Data for processing -
+===+
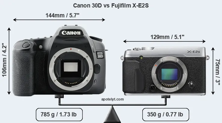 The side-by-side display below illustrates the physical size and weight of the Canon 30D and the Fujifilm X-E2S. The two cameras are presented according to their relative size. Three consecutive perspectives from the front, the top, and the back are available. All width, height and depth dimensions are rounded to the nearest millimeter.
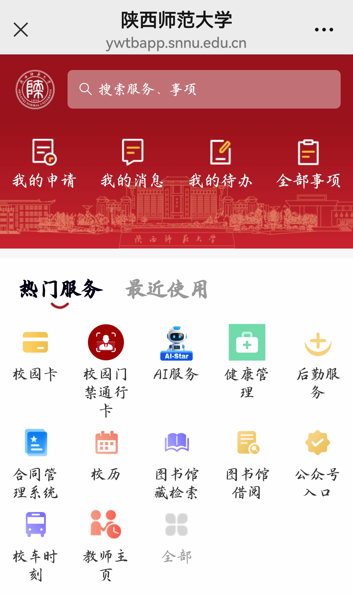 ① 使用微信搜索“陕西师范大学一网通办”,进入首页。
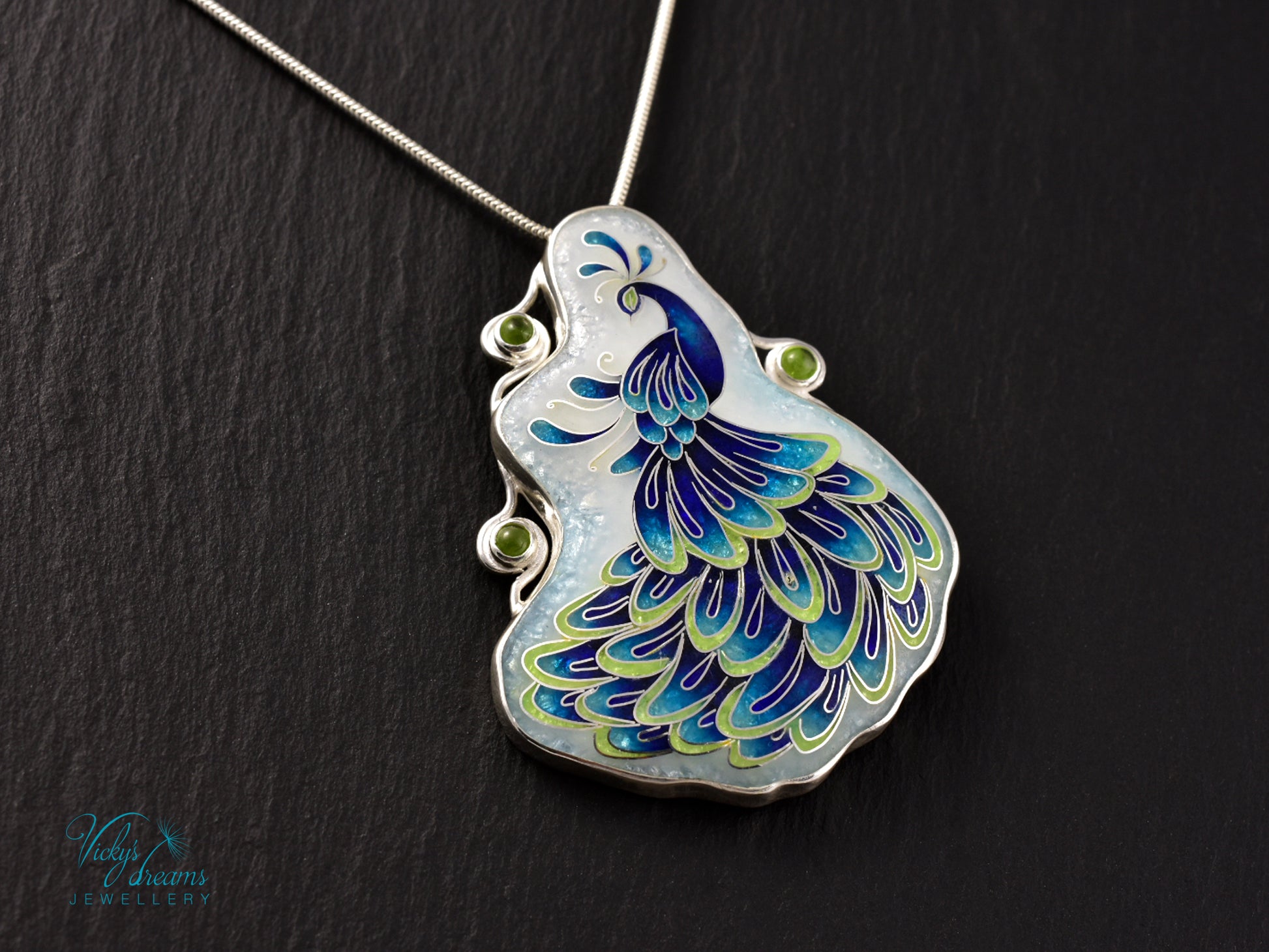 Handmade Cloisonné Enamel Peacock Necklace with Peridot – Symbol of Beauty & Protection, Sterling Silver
+===+
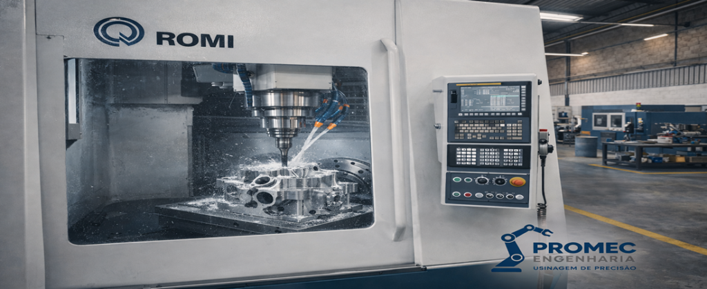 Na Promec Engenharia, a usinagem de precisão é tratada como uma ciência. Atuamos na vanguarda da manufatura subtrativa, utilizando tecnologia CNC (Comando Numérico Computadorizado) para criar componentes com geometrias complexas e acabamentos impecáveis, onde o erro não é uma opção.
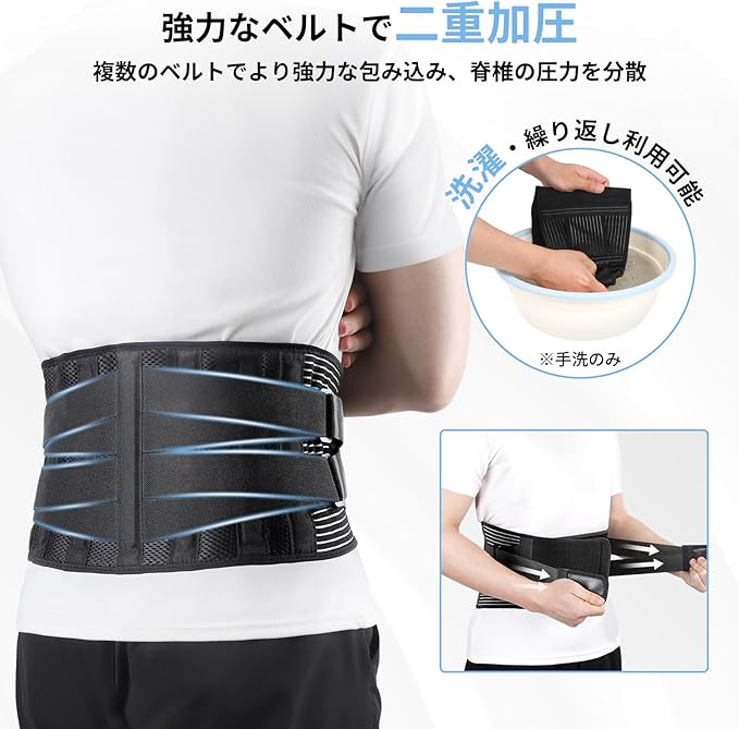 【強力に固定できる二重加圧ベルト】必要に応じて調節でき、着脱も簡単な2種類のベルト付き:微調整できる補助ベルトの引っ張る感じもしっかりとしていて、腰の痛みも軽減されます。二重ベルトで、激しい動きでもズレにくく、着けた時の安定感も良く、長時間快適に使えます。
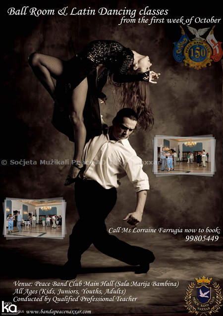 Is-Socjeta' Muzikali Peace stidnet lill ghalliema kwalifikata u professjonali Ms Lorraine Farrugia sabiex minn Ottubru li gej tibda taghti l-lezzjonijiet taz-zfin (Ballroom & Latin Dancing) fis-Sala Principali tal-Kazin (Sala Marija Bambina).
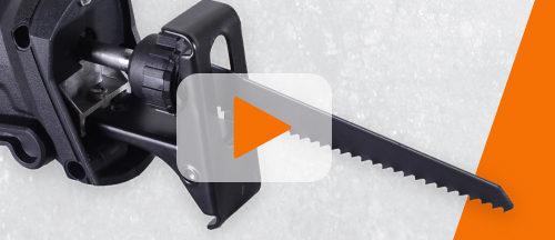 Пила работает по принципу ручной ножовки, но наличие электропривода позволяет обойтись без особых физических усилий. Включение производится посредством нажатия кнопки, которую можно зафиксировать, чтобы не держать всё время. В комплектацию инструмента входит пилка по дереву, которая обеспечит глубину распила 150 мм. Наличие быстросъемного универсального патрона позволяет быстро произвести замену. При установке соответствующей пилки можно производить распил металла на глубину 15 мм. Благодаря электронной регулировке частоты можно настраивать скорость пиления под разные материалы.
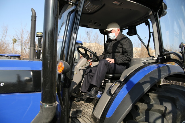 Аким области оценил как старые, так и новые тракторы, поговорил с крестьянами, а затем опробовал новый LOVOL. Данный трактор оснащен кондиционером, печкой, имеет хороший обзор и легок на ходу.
+===+
What you need to do -
In the listing above, find the line with "Na Promec Engenharia, a" and the line with "Is-Socjeta' Muzikali Peace". Transcribe those two and everything between, exactly, leaving out pictures.

Exercise response -
 Na Promec Engenharia, a usinagem de precisão é tratada como uma ciência. Atuamos na vanguarda da manufatura subtrativa, utilizando tecnologia CNC (Comando Numérico Computadorizado) para criar componentes com geometrias complexas e acabamentos impecáveis, onde o erro não é uma opção.
 【強力に固定できる二重加圧ベルト】必要に応じて調節でき、着脱も簡単な2種類のベルト付き:微調整できる補助ベルトの引っ張る感じもしっかりとしていて、腰の痛みも軽減されます。二重ベルトで、激しい動きでもズレにくく、着けた時の安定感も良く、長時間快適に使えます。
 Is-Socjeta' Muzikali Peace stidnet lill ghalliema kwalifikata u professjonali Ms Lorraine Farrugia sabiex minn Ottubru li gej tibda taghti l-lezzjonijiet taz-zfin (Ballroom & Latin Dancing) fis-Sala Principali tal-Kazin (Sala Marija Bambina).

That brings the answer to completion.